- _WHAT YOU NEED TO DO_
Everything in the records below from the line containing "대전 0시 축제는 8월" through the line containing "Тут Ортанс и" is to be reproduced exactly, those two lines included; no picture is to be copied.

- _RECORDS_

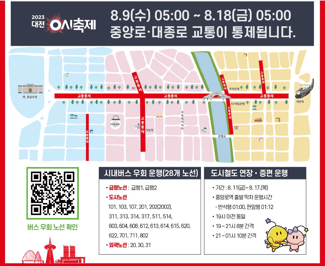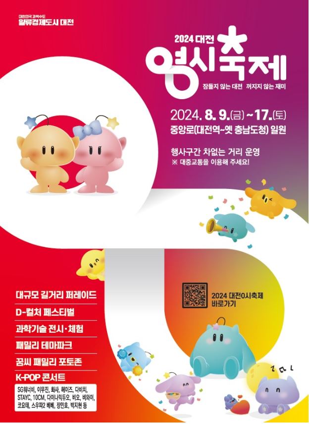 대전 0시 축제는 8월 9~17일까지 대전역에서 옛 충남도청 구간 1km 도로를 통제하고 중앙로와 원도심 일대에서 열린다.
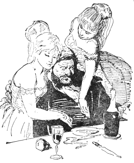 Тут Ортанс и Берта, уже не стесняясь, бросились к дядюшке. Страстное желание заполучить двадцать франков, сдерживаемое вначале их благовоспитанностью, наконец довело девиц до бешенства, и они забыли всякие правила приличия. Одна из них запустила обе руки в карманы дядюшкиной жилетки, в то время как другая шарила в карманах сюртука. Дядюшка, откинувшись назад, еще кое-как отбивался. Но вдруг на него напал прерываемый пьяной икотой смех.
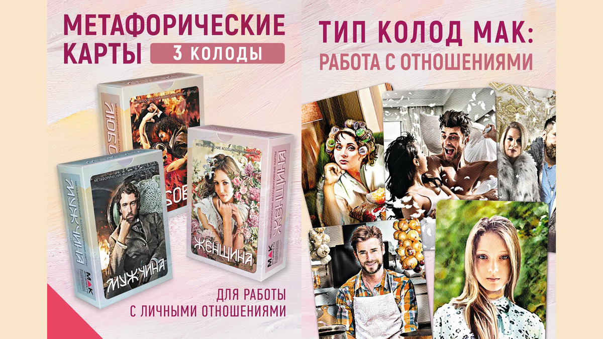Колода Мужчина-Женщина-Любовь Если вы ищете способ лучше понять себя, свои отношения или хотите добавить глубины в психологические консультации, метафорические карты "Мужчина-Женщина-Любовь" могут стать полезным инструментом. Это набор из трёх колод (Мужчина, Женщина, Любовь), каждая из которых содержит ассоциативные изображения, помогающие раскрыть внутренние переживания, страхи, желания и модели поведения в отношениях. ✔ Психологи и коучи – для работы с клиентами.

--

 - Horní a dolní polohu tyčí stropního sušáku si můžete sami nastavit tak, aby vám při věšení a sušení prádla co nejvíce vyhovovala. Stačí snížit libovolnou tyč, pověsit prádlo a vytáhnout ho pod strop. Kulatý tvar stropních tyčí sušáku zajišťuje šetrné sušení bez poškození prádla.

- _EXERCISE SOLUTION_
 대전 0시 축제는 8월 9~17일까지 대전역에서 옛 충남도청 구간 1km 도로를 통제하고 중앙로와 원도심 일대에서 열린다.
 Тут Ортанс и Берта, уже не стесняясь, бросились к дядюшке. Страстное желание заполучить двадцать франков, сдерживаемое вначале их благовоспитанностью, наконец довело девиц до бешенства, и они забыли всякие правила приличия. Одна из них запустила обе руки в карманы дядюшкиной жилетки, в то время как другая шарила в карманах сюртука. Дядюшка, откинувшись назад, еще кое-как отбивался. Но вдруг на него напал прерываемый пьяной икотой смех.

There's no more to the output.